◆ What you will do ◆
Lines from the one containing "3、再一次,点击【文件】菜单,点击【置入嵌入对象】。" through the last line of the data are to be returned exactly, both ends included, minus any pictures.

Top of Input for this task

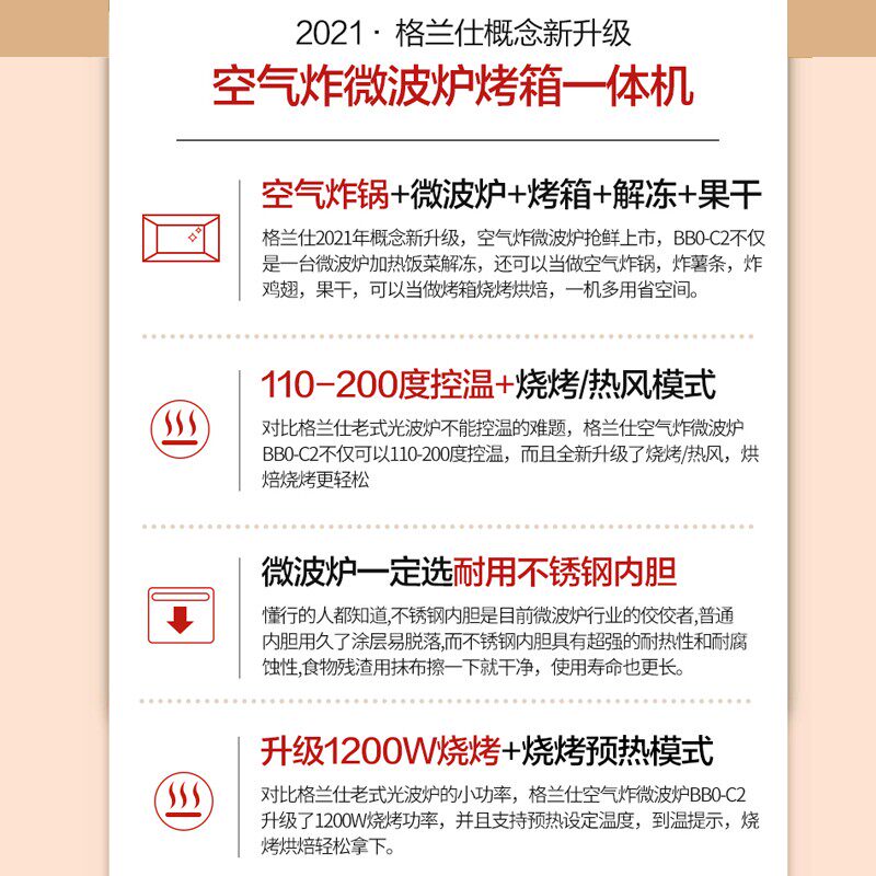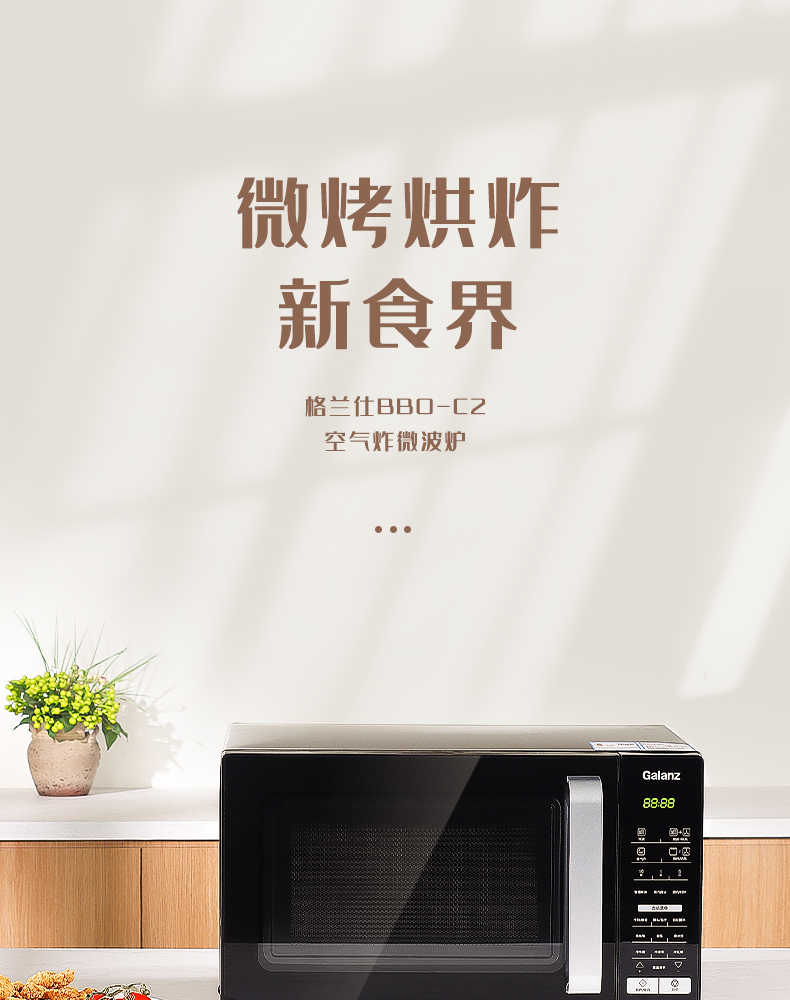 Galanz Microwave Oven and Air Fryer All-In-One Machine for Home Use, 20L Stainless Steel Inner Tank, Small Multifunctional Bb0
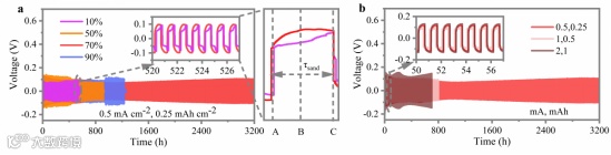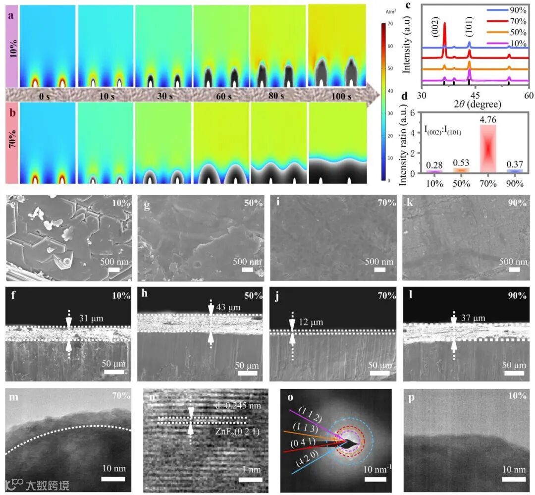 模拟的结果表明70% salt-SPE(“盐包聚合物”电解质)电流密度分布更加均匀,最终实现了光滑的锌沉积,SEM图像给予了直接证明。XRD及峰强统计结果佐证了锌离子沿着(002)晶面生长且无腐蚀产物生成。导致这一结果的潜在原因除了电解质本身具有的良好的锌离子传输性能外,还被归因于富含氟化锌的复合固态电解质间相。最后,这一切都预示着这个工作必将获得优异的性能。
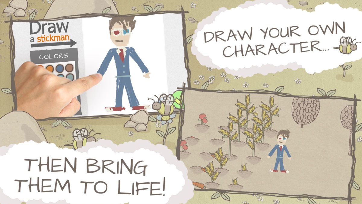 Цветущий мир фантазии, приключений и оригинальности… Создай и нарисуй своего уникального персонажа Стикмана! Придумай собственный путь через творческую приключенческую игру, нарисовав своего собственного Стикмана и оружие для него!
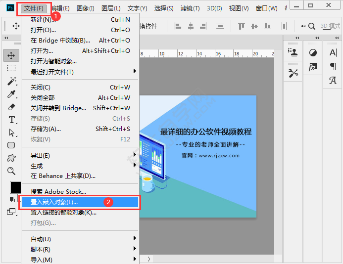 3、再一次,点击【文件】菜单,点击【置入嵌入对象】。
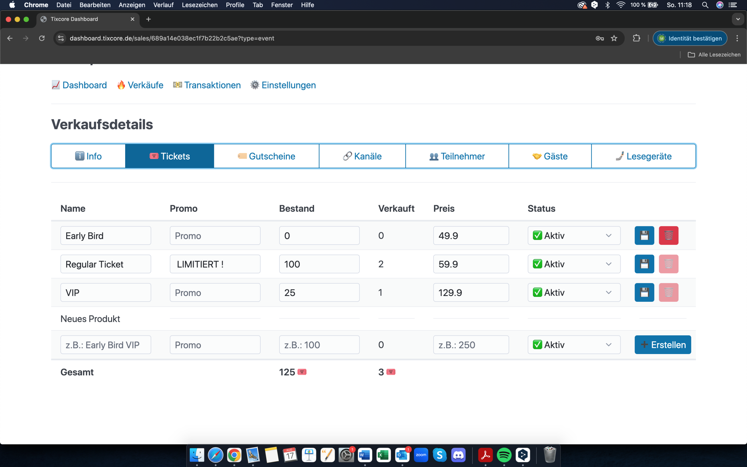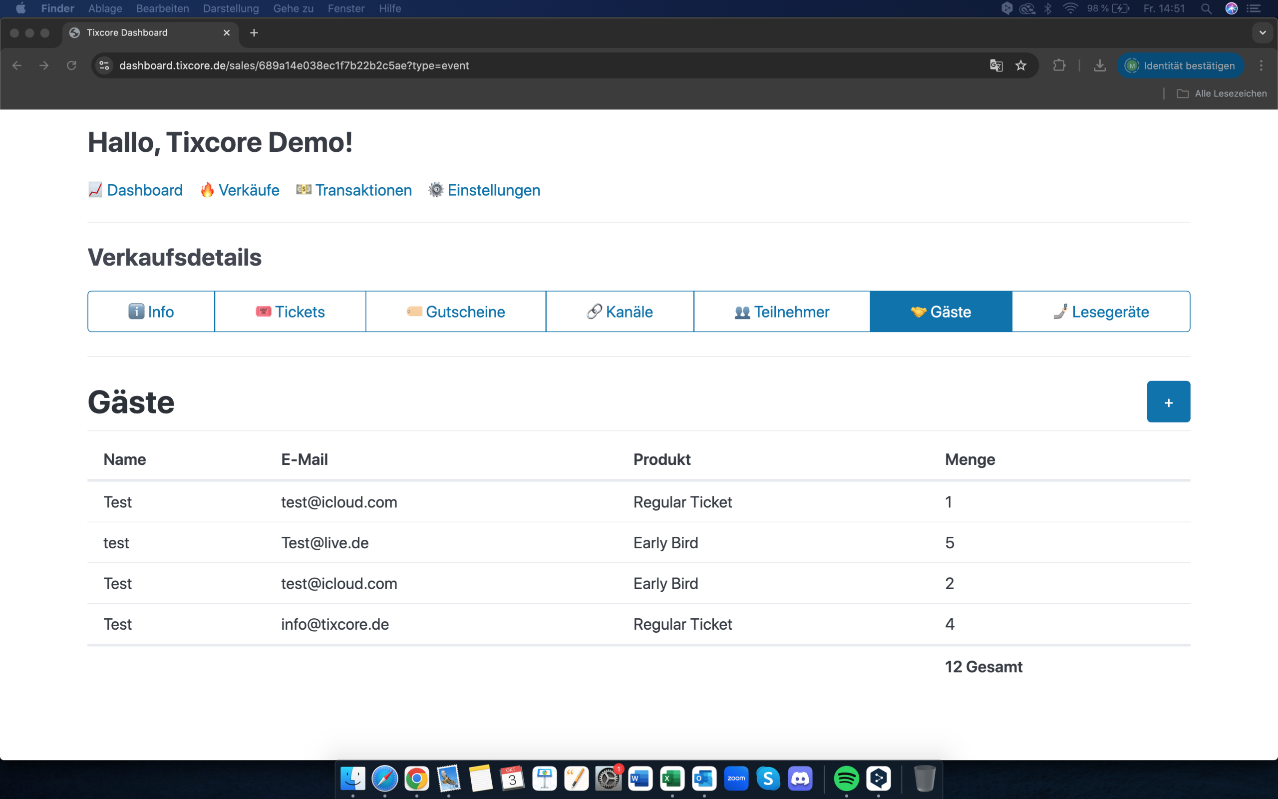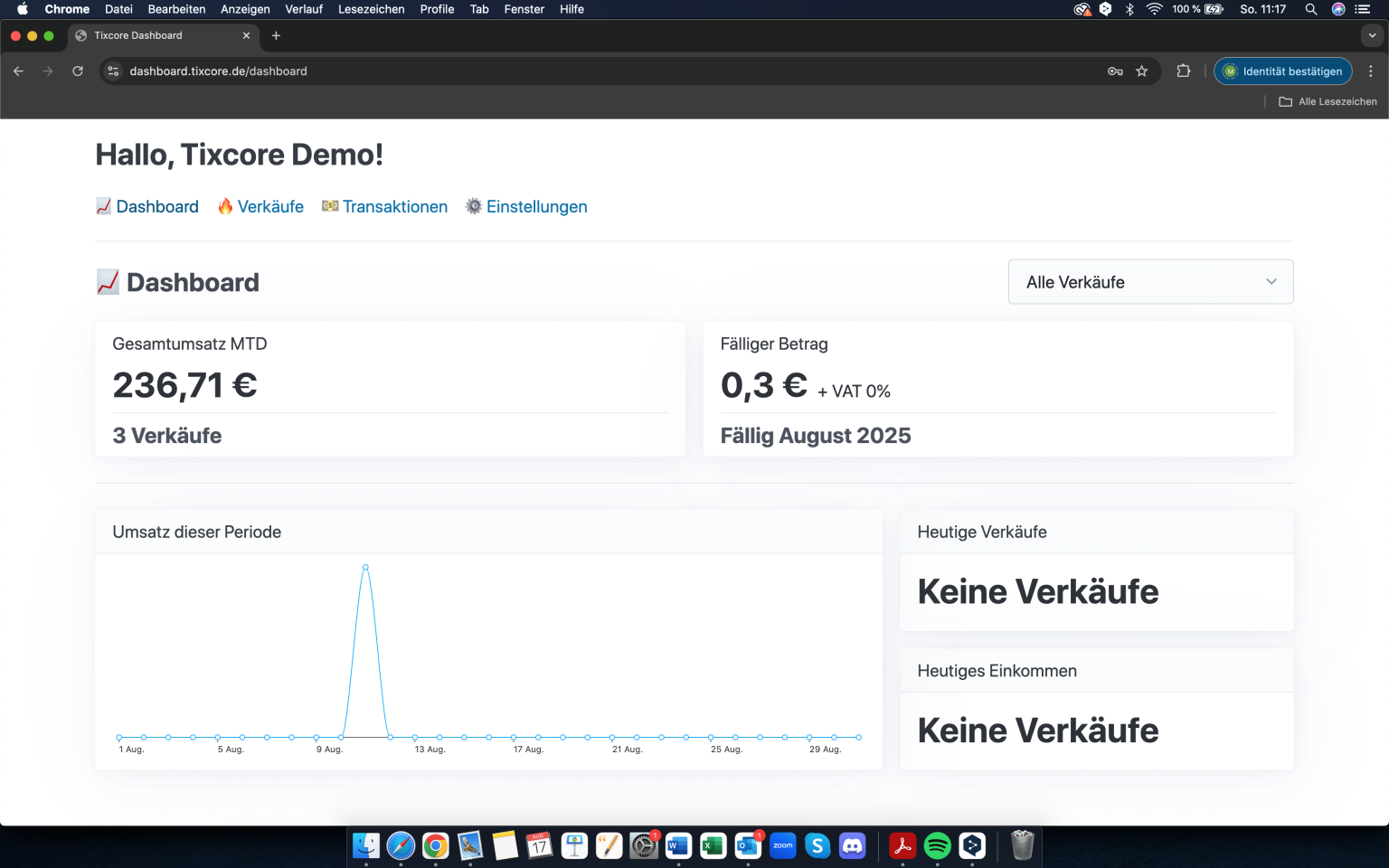 Behalten Sie jederzeit den Überblick: Im Tixcore-Dashboard sehen Sie alle Verkäufe in Echtzeit, analysieren Kundendaten und werten Ihre Umsätze aus. Alle wichtigen Funktionen sind an einem zentralen Ort gebündelt.
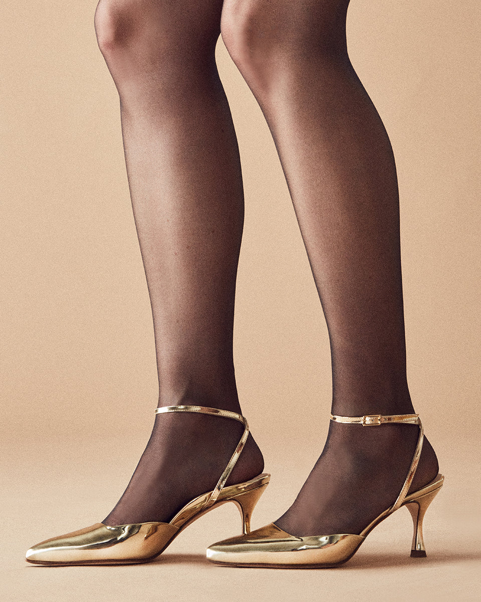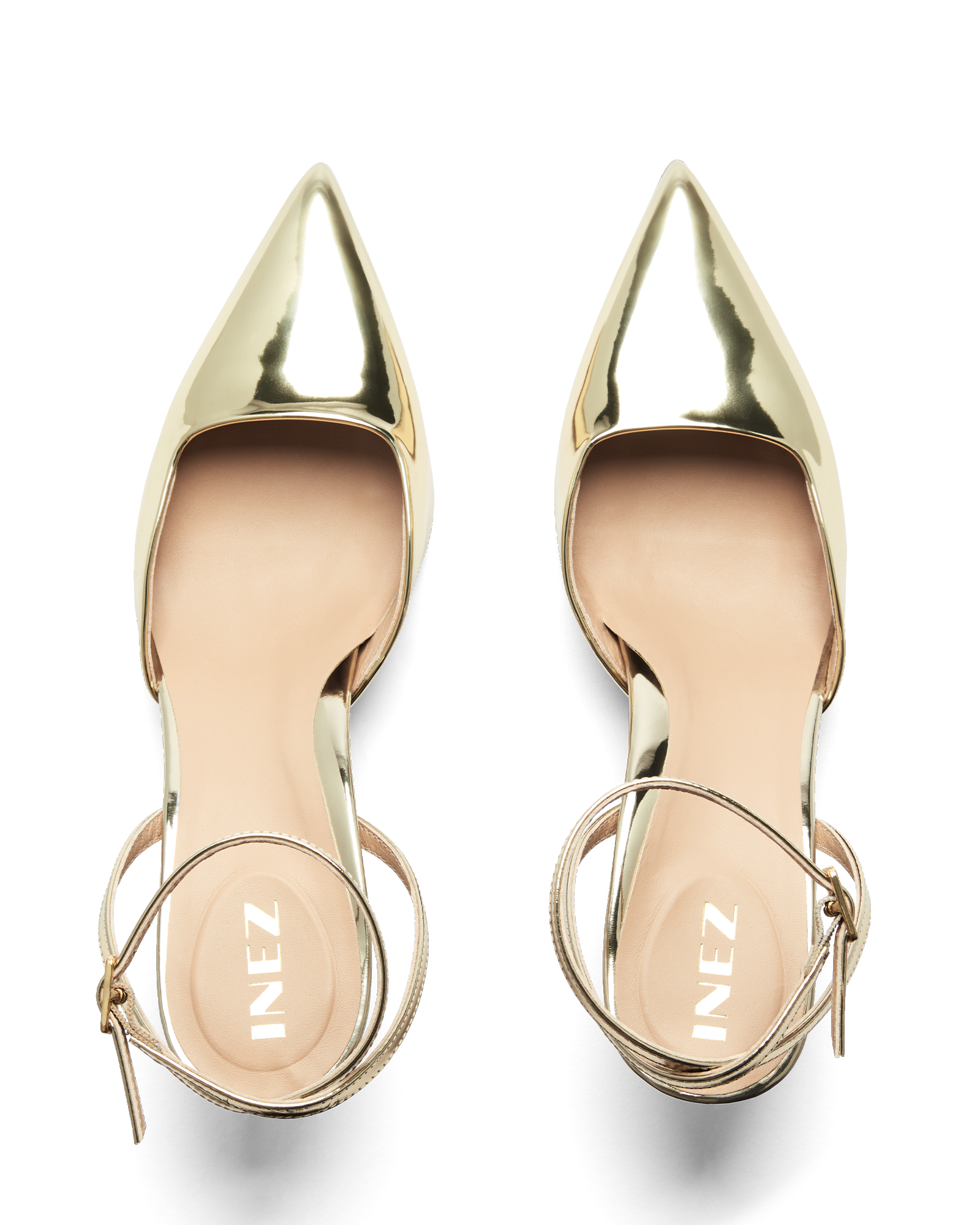 This elegant open back pump features a classic pointed toe and slim ankle wrap. A well‑balanced heel is complemented by our custom designed insole with arch support.
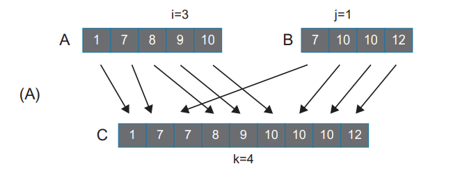 각각 m, n개로 이루어진 입력 배열 A, B가 있고, 두 배열은 이미 정렬이 되어 있다고 가정하겠습니다. 각 배열의 인덱스는 0부터 시작합니다. 그리고 A와 B를 병합하여 생성되는 정렬된 출력 배열이 C라고 한다면 C는 m+n개의 요소들로 구성될 것 입니다.
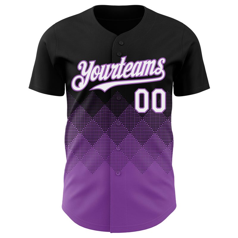 Custom Black White-Medium Purple 3D Gradient Square Shape Authentic Baseball Jersey
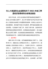 市人力资源和社会保障局关于2021年前三季度经济形势研判分析情况报告
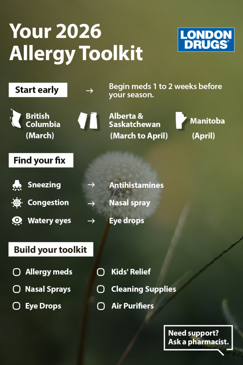 Allergy season doesn’t have to mean months of discomfort. With early preparation, the right toolkit, and support from knowledgeable pharmacists, it’s easy to reduce symptoms and enjoy the season. Shop allergy essentials at London Drugs to stock up on supplies. For additional advice, talk to a pharmacist about managing your allergy symptoms.
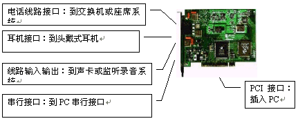 IN和LINE OUT接口,與聲卡配合實現語音錄放;計算機通過串行口實現對座席卡的控制。
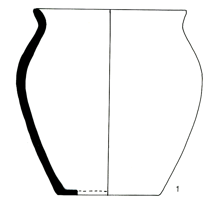 Pot de forme ovoide ; encolure verticale, concave, lèvre ronde ; base portante, assise plane ; céramique non tournée, couleur gris-bleu en surface et sur les cassures ; inclusions grossieres: quartz irrégulier en proportion moyenne, mica ; surface brute

Bottom of Input for this task

◆ Solution ◆
 3、再一次,点击【文件】菜单,点击【置入嵌入对象】。
 Behalten Sie jederzeit den Überblick: Im Tixcore-Dashboard sehen Sie alle Verkäufe in Echtzeit, analysieren Kundendaten und werten Ihre Umsätze aus. Alle wichtigen Funktionen sind an einem zentralen Ort gebündelt.
 This elegant open back pump features a classic pointed toe and slim ankle wrap. A well‑balanced heel is complemented by our custom designed insole with arch support.
 각각 m, n개로 이루어진 입력 배열 A, B가 있고, 두 배열은 이미 정렬이 되어 있다고 가정하겠습니다. 각 배열의 인덱스는 0부터 시작합니다. 그리고 A와 B를 병합하여 생성되는 정렬된 출력 배열이 C라고 한다면 C는 m+n개의 요소들로 구성될 것 입니다.
 Custom Black White-Medium Purple 3D Gradient Square Shape Authentic Baseball Jersey
 市人力资源和社会保障局关于2021年前三季度经济形势研判分析情况报告
 Allergy season doesn’t have to mean months of discomfort. With early preparation, the right toolkit, and support from knowledgeable pharmacists, it’s easy to reduce symptoms and enjoy the season. Shop allergy essentials at London Drugs to stock up on supplies. For additional advice, talk to a pharmacist about managing your allergy symptoms.
 IN和LINE OUT接口,與聲卡配合實現語音錄放;計算機通過串行口實現對座席卡的控制。
 Pot de forme ovoide ; encolure verticale, concave, lèvre ronde ; base portante, assise plane ; céramique non tournée, couleur gris-bleu en surface et sur les cassures ; inclusions grossieres: quartz irrégulier en proportion moyenne, mica ; surface brute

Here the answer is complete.